As mentioned, this year we’re on the lookout for drinks that get it right by bucking conventional wisdom, and a copious amount of bitters is right up our alley.  Not that the bitters in this drink are scandalous by any measure, nor is the Amsterdam the only such drink to feature a larger than normal pour from the little bottle.  Here, it’s that someone knew the indifference of orange juice, knew the funkiness of Genever, and knew how to bring the whole thing together.  The Amsterdam comes to us via “Bartender’s Guide by Trader Vic”.  It’s a small drink – at just over two ounces before shaking – and it works wonderfully on that scale.  The balance is nice, and Regans’ Orange Bitters particularly shine, making a drink that is very bitter-forward but beautifully balanced.  A modern variation on the Amsterdam, found on the Internet Cocktail Database, runs as follows:

1.5 oz Bols Genever
0.75 oz Orange Juice
0.5 oz Orange Liqueur
1 Dash Orange Bitters

I’ve included this version for comparison and to show, in my mind at least, the imbalance of the recipe.  Too much orange juice and too little bitters leads to a drink which is flat and without character.  I’m not sure of the provenance of this variation, as other modern versions (such as on diffordguide) scale the original and, for the most part, retain its proportions.

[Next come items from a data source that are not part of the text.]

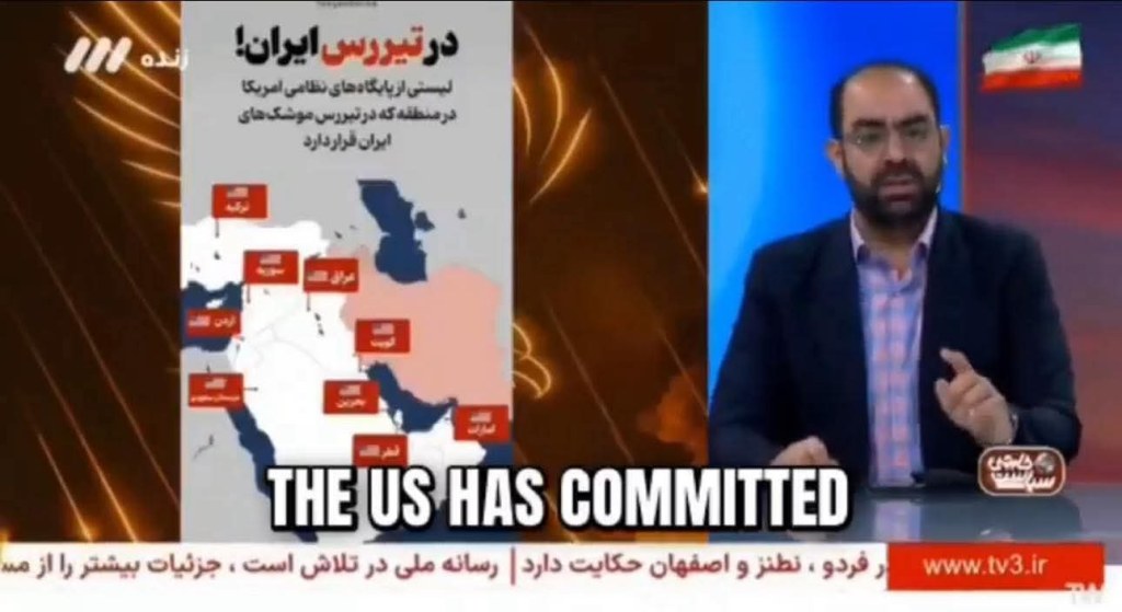La televisión estatal iraní emite un mapa de las bases militares estadounidenses en Oriente Medio, declarando: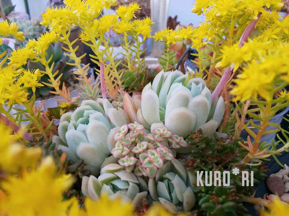 エレガンスの緑とセダムゴールドビューティーの黄色い色が合わせて見たら綺麗かなぁって寄せたら花が爆咲き🤣
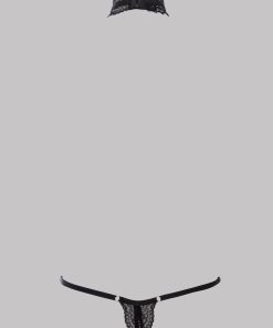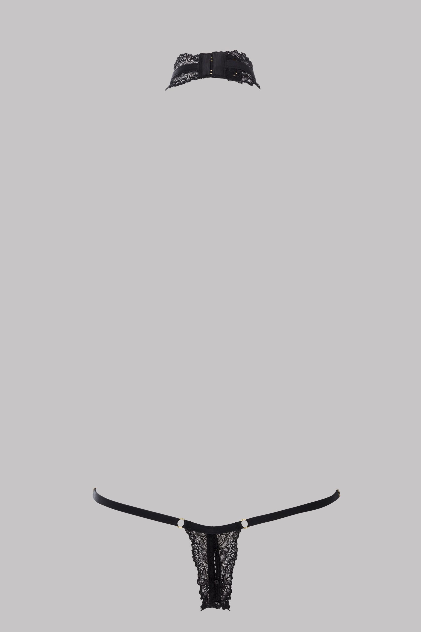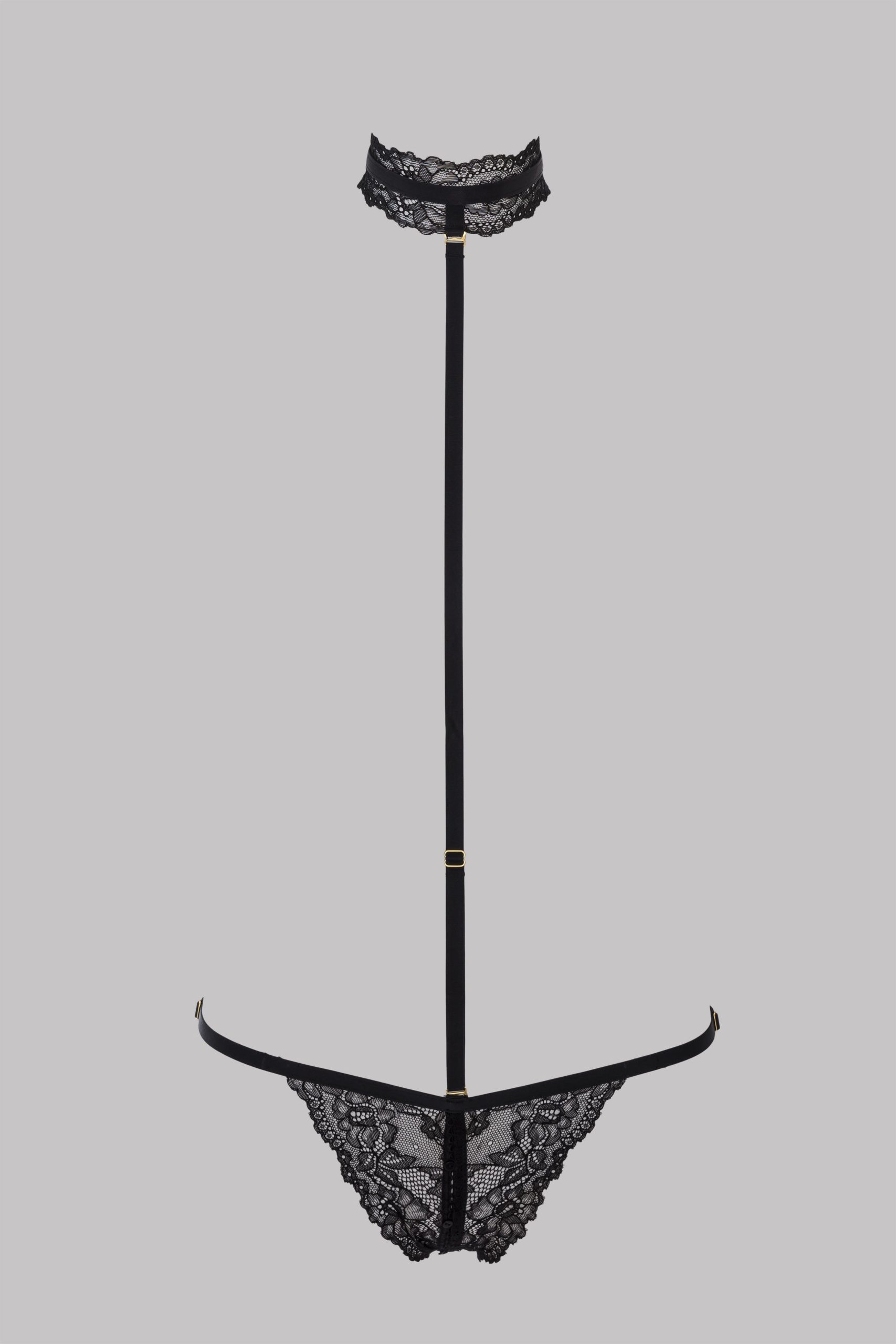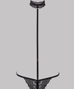 Harness thong with floral lace and stretchy, adjustable side elasticated bands. Opens at the crotch with tone-on-tone buttons. Fully adjustable and removable neck harness with hook-and-eye fastening on the neck.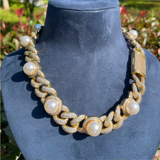 Bubble Letter Pearl Cuban Link Chain for Men Prong Necklace Choker Real Copper Cubic Zirconia Hip Hop Jewelry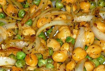 Esta es otra sabrosa receta de Rosa Jiménez, una excelente compañera y cocinera.Ingredientes: ♦ Garbanzos cocidos.♦ Guisantes.♦ Un trozo de cebolla.♦ Orégano.♦ Sal.♦ Aceite de oliva.♦ Pimentón dulce.♦ Pimienta blanca.♦ Agua.♦ Vino blanco.Preparación: 1.- Se pone en una sartén un poco de aceite y se sofríe un poco la cebolla cortada en julianas (a tiras). 2.- Se le añaden un puñado de garbanzos cocidos, un puñado de guisantes, un poco de orégano, un poco de sal, un chorrito de vino blanco, una pizca de pimienta blanca y una pizca de pimentón dulce. Se remueve dos o tres minutos. 3.- Se le añade un poco de agua y se tapa. 4.- Se va mirando y removiendo. Cuando esté hecho y se haya secado el caldito se aparta.¡Y a disfrutarlos!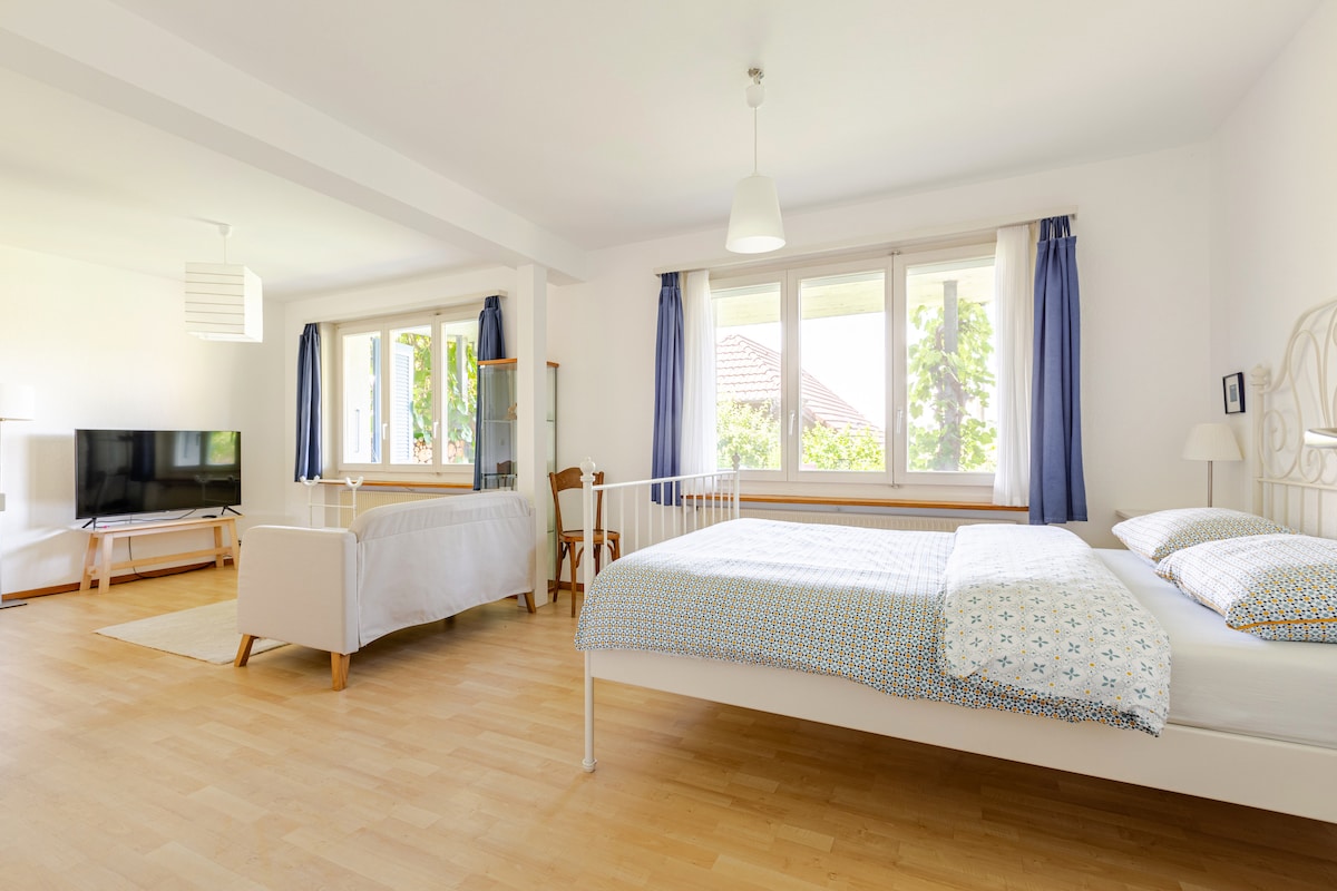 Stylish studio apartment with corresponding sitting place in the quiet embassy district 10 minutes from the center of Bern (Zytglogge) by tram. A good place for couples, individual and business travelers. The studio is completely independent and features a separate entrance from the corresponding sitting place. The studio is newly renovated, modern and stylish equipped: Two single beds, leather furniture, floor heating and kitchen with dishwasher, oven, fridge, washing machine, cooking plate.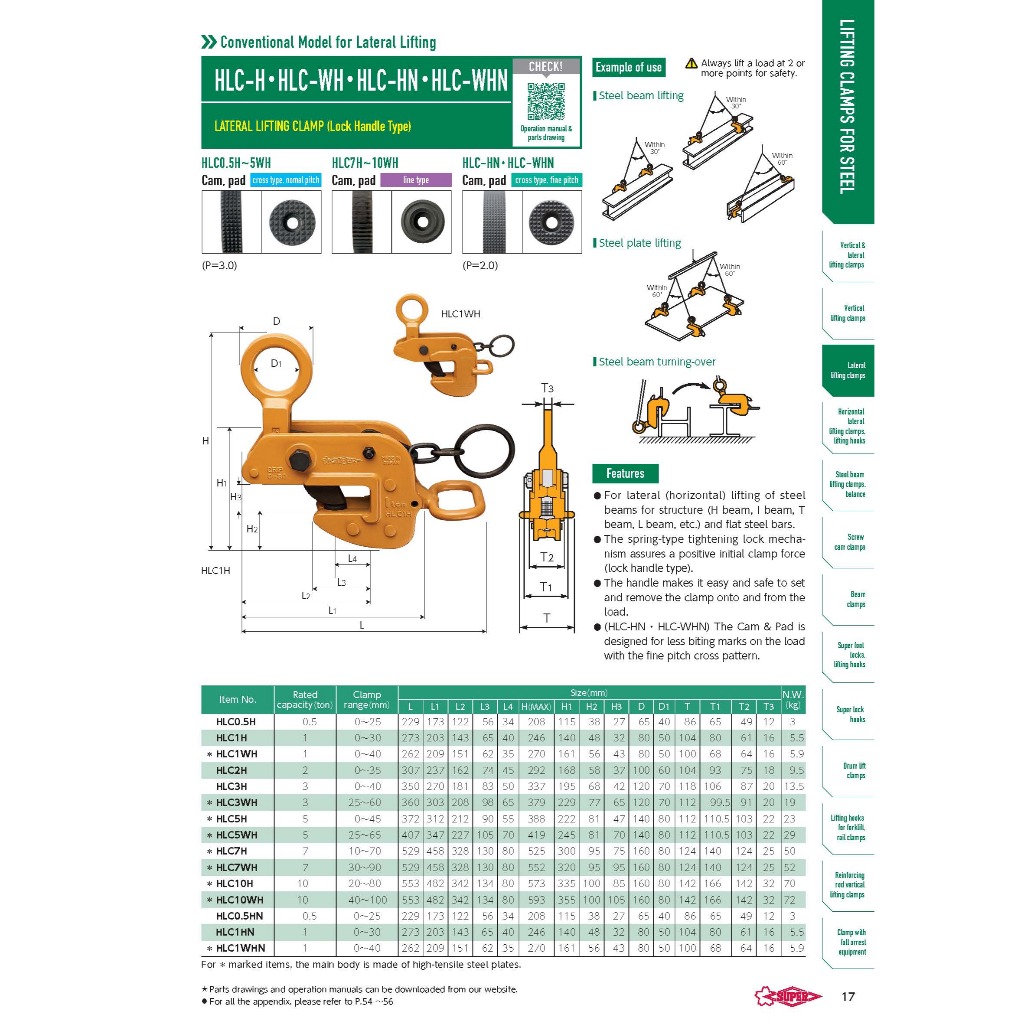 WIN五金 日本SUPER鋼板吊具HLC-H|橫吊鋼板夾|H型鋼吊夾|鋼板夾具|吊鋼板工具|0.5T 1T 2T

There’s no great history lesson today, as I thought it important to take a moment to look at how what may seem to be subtle differences in recipes can actually lead to very different drinks.  When dealing with orange juice – especially alongside Genever – it’s important to consider how the other elements of the drink can make up for its deficiencies.  Here, bitters come to the rescue, but it really can be anything – a squeeze of citrus, splash of Absinthe, or even a pinch of salt.  The key is that when you find a recipe that doesn’t exactly soar, you don’t need to give up on it completely.  Just as with cooking, a little bit of “seasoning” may be all it takes.

Esoterica: Anthony Burgess gives defines the title of his book “A Clockwork Orange” to mean “…an organic entity, full of juice and sweetness and agreeable odour, being turned into an automaton.”  Which is exactly what happens to protagonist Alex, bitter orange though he was.